La traque des nazis : un combat du passé ?

Le 15 juillet 2012 était retrouvé, vivant paisiblement dans son pays d’origine, le Hongrois Laszlo Csatary, 97 ans, présenté comme le criminel nazi le plus recherché du monde. Cette arrestation, l’âge avancé de cet homme et l’ancienneté de ses crimes représentent à n’en pas douter un symbole, et très probablement le point final de la traque. Dès la chute du 3° Reich et le suicide de son Führer, les découvertes faites par les Alliés des atrocités perpétrées par le régime nazi dans l’Europe entière ont convaincu les puissances victorieuses de la nécessité de juger les criminels de guerre, et donc d’abord de les retrouver. Tâche difficile s’il en était, puisque ceux qui n’avaient pas mis fin à leurs jours se fondaient dans la masse énorme des prisonniers de guerre, ou tentaient de quitter l’Europe en empruntant la « route des rats » et ses différentes filières.

1ere octobre 1946 : condamnation des principaux dignitaires du régime nazi

Très tôt, certaines structures ont été mises en place par les puissances alliées, et notamment le CROWCASS (Registre central des criminels de guerre et des suspects pour la sécurité), chargées d’établir un fichier des criminels de guerre. Mais le manque de moyens et le peu d’organisation n’ont pas permis à ces structures d’atteindre leur but, et l’opération fût un fiasco. C’est notamment afin de mettre un terme à la vague d’exécutions sommaires et de lynchages des criminels nazis arrêtés et identifiés (notamment grâce au groupe sanguin tatoué sous le bras des SS), que fut organisé, sous l’impulsion du président Roosevelt, le procès de Nuremberg jugeant les plus hauts dignitaires du régime. Cette instance, qui dura presque un an et aboutit à la condamnation officielle du régime fut aussi l’occasion de définir la notion de crime contre l’humanité, dont la particularité juridique est l’imprescriptibilité, en vertu de laquelle les criminels nazis pourraient être jugés quel que soit le temps écoulé depuis les atrocités commises. On pouvait donc penser que de nouveaux Nuremberg se dérouleraient, mais la volonté quasi générale d’oublier les atrocités à peine découvertes fut la plus forte, et rapidement, un grand nombre de criminels nazis on pu réintégrer la vie civile, parfois même en Allemagne.

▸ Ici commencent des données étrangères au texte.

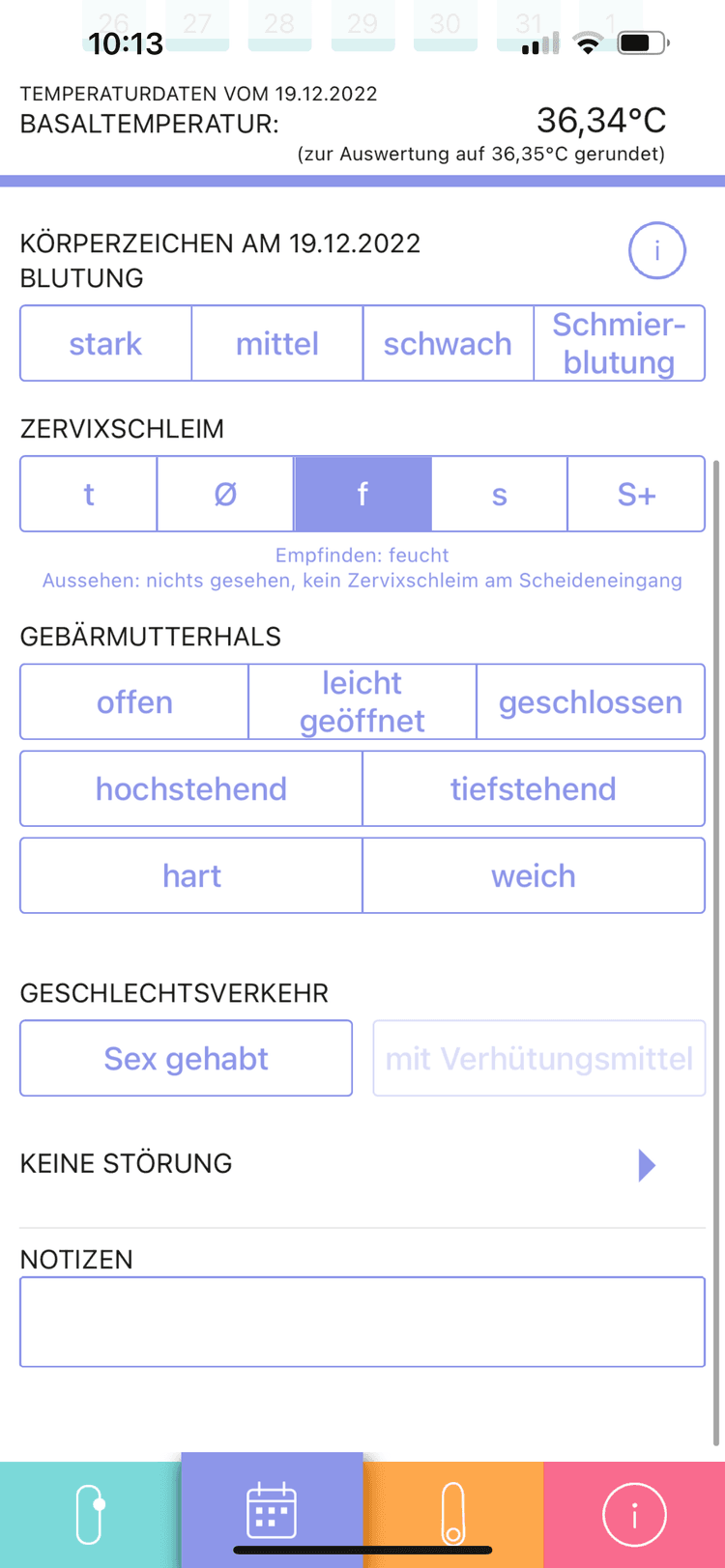 Der zweite Reiter ist meiner Meinung nach der wichtigste: Hier kannst du sehen, welche Temperatur gemessen wurde, in welcher Phase des Zyklus du dich gerade befindest und hier kannst du auch alle relevanten Daten eintragen.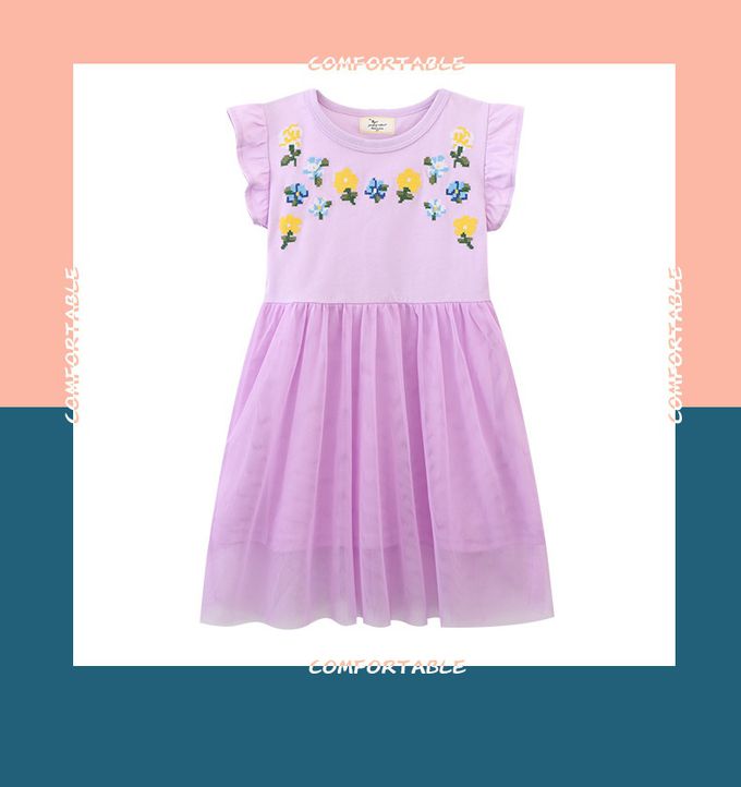 Jumping meters - 棉質圓領小飛袖網紗洋裝-繽紛花朵-紫色

29 mai 1962 : Eichmann jugé après seize années de cavale

C’était sans compter la volonté et l’énergie de rares personnalités, dont l’activité inlassable et l’obstination ont permis de pister puis de faire juger d’importants criminels échappés à la justice d’après-guerre. On pense évidemment à Simon Wiesenthal, ressortissant autrichien rescapé des camps de concentration, qui consacrera le reste de sa longue vie à lutter contre l’oubli en pourchassant les criminels nazis et en accumulant une quantité monumentale de documents, remontant toutes les pistes connues. Parmi ses « prises» les plus célèbres, et avec l’aide du Mossad, l’enlèvement en Argentine du tristement célèbre Adolf Eichmann, l’un des principaux artisans de la solution finale. Jugé à Jérusalem et condamné à mort en 1962, son procès convaincra les nazis en fuite que leurs crimes n’étaient pas effacés par le temps. Dans un autre style, et parfois dans une sorte de compétition médiatique, le couple formé par Serge et Beate Klarsfeld s’illustrera lui aussi dans la « chasse » aux nazis, allant sur le terrain les débusquer où ils se trouvaient. À cette activité, fondée sur un travail historique minutieux, on doit la lutte idéologique contre le chancelier allemand Kiesinger, le procès de Cologne en 1079 et la condamnation des criminels Lischka, Hagen et Heinrichsohn (gardien SS de Drancy), la découverte d’Alois Brunner en Syrie et de Walter Rauff au Chili, et l’arrestation de Klaus Barbie, le boucher de Lyon, condamné à la réclusion à perpétuité en 1087. Dans leurs différences, ces acteurs du devoir de mémoire ont eu au moins un point commun, à savoir les difficultés rencontrées et les résistances opposées par différents état ou organismes. Dans bien des cas, les informations récoltées et communiquées aux autorités judiciaires sont restées lettres mortes, les criminels débusqués étant devenus des notables de l’armée ou de la politique (on pense à Ernst Heinrichsohn, maire de Burgstadt en Bavière). Et bien souvent il fut nécessaire de faire appel au scandale ou à la médiatisation pour sensibiliser l’opinion et amener les autorités judiciaires à agir, juger et punir.